_TASK DATA_
* * * * * * *
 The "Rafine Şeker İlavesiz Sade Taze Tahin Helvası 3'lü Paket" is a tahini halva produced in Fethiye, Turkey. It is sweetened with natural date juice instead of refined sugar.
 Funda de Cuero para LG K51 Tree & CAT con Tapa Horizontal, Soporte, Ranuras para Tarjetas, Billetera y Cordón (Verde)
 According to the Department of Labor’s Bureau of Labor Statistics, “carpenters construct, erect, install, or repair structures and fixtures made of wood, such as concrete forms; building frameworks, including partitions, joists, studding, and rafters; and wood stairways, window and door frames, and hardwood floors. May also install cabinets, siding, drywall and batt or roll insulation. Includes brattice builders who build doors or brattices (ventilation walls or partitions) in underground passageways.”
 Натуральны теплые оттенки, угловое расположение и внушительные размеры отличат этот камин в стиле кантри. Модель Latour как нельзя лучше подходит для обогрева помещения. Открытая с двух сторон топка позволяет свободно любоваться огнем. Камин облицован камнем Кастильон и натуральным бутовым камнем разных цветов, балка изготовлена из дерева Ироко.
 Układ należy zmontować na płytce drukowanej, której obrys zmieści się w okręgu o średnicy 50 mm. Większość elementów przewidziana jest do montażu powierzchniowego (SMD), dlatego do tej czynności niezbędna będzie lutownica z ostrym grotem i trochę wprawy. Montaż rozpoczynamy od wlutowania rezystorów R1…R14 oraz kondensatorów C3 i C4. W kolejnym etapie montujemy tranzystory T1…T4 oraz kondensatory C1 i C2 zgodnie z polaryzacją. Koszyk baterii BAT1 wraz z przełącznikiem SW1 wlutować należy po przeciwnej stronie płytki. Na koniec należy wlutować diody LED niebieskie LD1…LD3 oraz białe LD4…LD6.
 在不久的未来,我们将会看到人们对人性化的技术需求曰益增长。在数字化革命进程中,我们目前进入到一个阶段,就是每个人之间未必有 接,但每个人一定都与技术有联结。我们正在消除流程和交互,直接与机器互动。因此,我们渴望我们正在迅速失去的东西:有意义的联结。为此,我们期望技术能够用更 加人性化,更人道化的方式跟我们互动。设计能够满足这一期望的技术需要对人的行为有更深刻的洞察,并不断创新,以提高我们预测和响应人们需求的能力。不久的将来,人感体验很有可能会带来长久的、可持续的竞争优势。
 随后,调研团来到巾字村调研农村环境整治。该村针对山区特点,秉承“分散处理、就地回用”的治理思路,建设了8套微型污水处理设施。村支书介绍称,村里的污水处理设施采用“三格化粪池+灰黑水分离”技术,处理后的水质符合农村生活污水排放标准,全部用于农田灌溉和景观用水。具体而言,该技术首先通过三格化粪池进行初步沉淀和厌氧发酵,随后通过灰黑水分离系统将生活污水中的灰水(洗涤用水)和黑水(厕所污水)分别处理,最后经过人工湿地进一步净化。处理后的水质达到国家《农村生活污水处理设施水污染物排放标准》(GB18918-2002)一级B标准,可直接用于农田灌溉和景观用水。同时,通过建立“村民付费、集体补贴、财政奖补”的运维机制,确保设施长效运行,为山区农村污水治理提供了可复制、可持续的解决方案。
* * * * * * *
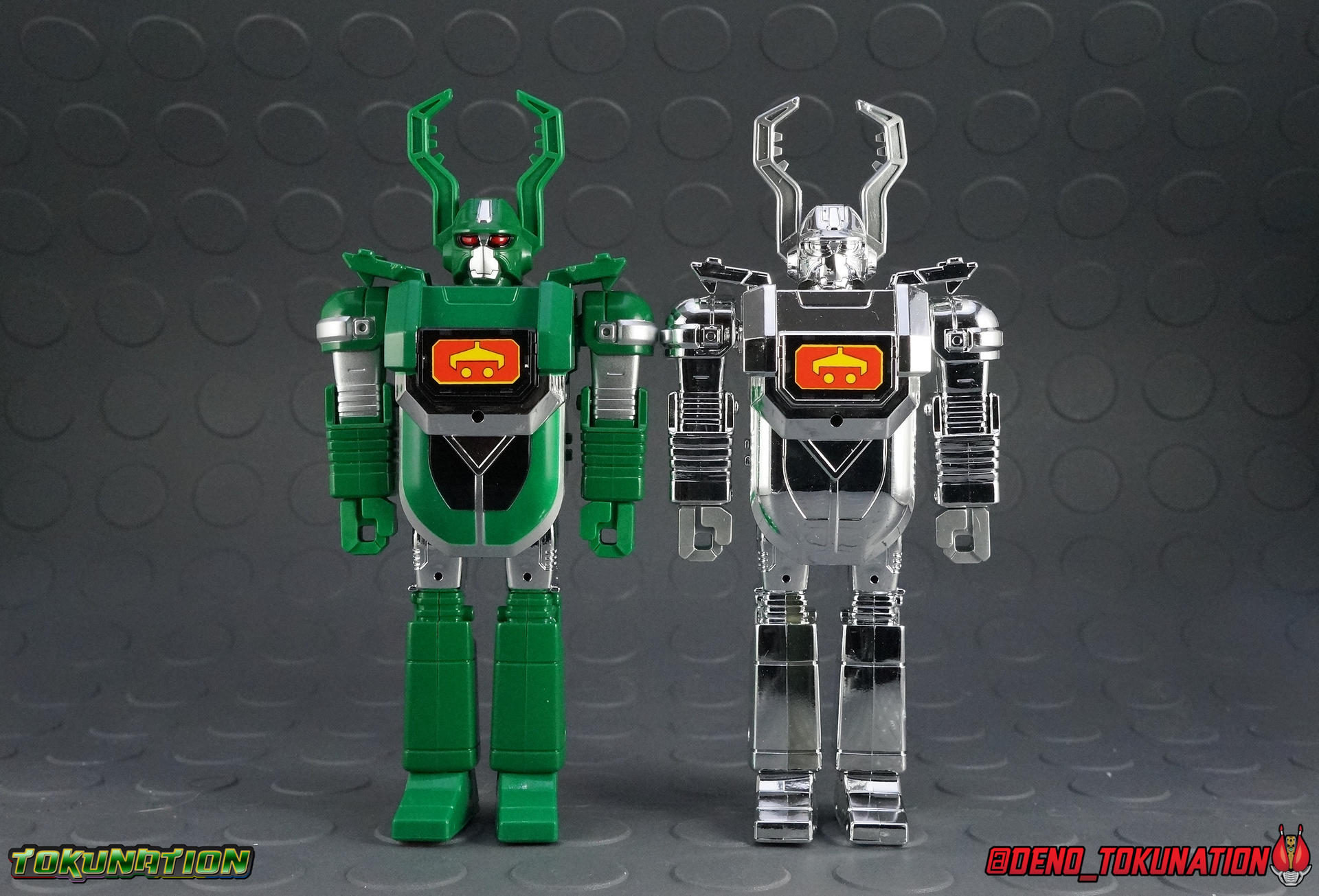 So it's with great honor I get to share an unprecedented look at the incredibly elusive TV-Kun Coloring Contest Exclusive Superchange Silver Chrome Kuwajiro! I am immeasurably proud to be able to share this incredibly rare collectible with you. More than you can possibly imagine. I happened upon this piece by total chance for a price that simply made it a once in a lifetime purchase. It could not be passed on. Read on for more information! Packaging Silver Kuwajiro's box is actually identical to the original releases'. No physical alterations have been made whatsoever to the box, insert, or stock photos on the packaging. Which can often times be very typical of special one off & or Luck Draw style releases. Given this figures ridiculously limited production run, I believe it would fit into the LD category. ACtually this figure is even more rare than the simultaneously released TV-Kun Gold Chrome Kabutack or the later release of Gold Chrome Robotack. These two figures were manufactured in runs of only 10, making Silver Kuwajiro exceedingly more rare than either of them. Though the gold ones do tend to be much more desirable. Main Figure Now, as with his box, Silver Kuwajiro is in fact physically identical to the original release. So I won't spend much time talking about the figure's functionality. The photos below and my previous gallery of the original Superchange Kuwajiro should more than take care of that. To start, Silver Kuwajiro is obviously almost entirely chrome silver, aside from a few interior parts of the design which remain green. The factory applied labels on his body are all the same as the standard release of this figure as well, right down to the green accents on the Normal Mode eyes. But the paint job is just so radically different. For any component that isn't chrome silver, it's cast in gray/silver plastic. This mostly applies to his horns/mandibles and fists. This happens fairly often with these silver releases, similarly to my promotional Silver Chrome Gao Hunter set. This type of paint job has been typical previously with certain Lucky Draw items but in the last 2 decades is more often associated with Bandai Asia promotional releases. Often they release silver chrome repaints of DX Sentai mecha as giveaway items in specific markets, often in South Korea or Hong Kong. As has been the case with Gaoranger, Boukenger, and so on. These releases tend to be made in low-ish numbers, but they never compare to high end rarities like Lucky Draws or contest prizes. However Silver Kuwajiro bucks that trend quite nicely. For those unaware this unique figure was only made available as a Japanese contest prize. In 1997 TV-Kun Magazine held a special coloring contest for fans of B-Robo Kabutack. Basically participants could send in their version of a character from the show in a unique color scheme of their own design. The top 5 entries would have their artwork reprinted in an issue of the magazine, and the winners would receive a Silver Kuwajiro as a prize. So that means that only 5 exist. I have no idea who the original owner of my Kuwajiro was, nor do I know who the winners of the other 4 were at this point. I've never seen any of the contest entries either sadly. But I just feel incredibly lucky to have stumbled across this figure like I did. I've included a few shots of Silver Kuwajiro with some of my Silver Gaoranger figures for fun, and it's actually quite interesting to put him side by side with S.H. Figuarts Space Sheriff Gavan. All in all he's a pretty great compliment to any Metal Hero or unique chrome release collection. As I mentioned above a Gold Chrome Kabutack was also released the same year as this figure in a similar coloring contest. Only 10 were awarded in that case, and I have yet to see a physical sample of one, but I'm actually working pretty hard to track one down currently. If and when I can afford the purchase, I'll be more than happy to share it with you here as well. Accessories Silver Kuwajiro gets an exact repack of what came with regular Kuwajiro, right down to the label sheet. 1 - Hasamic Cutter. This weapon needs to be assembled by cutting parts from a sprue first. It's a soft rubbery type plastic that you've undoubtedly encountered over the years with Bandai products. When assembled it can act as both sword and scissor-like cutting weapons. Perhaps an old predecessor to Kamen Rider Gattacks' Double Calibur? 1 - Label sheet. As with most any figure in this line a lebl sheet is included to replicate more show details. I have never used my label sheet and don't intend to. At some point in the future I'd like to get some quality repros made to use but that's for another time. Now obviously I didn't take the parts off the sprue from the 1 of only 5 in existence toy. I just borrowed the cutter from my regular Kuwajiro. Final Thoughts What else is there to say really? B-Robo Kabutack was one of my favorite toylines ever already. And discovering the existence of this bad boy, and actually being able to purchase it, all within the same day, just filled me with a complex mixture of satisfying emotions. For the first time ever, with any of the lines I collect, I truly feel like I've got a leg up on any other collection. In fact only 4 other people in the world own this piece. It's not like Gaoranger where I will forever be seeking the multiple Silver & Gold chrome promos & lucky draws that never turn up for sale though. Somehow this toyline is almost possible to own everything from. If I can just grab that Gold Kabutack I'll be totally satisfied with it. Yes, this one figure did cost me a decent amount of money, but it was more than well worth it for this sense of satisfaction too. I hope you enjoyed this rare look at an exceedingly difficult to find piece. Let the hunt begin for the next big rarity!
* * * * * * *
_WHAT YOU NEED TO DO_
Where the data above reaches the line holding "of refined sugar.", begin printing, and stop after the line holding "Funda de Cuero". Each line must be reproduced exactly, with nothing else added.

_EXERCISE RESULT_
 The "Rafine Şeker İlavesiz Sade Taze Tahin Helvası 3'lü Paket" is a tahini halva produced in Fethiye, Turkey. It is sweetened with natural date juice instead of refined sugar.
 Funda de Cuero para LG K51 Tree & CAT con Tapa Horizontal, Soporte, Ranuras para Tarjetas, Billetera y Cordón (Verde)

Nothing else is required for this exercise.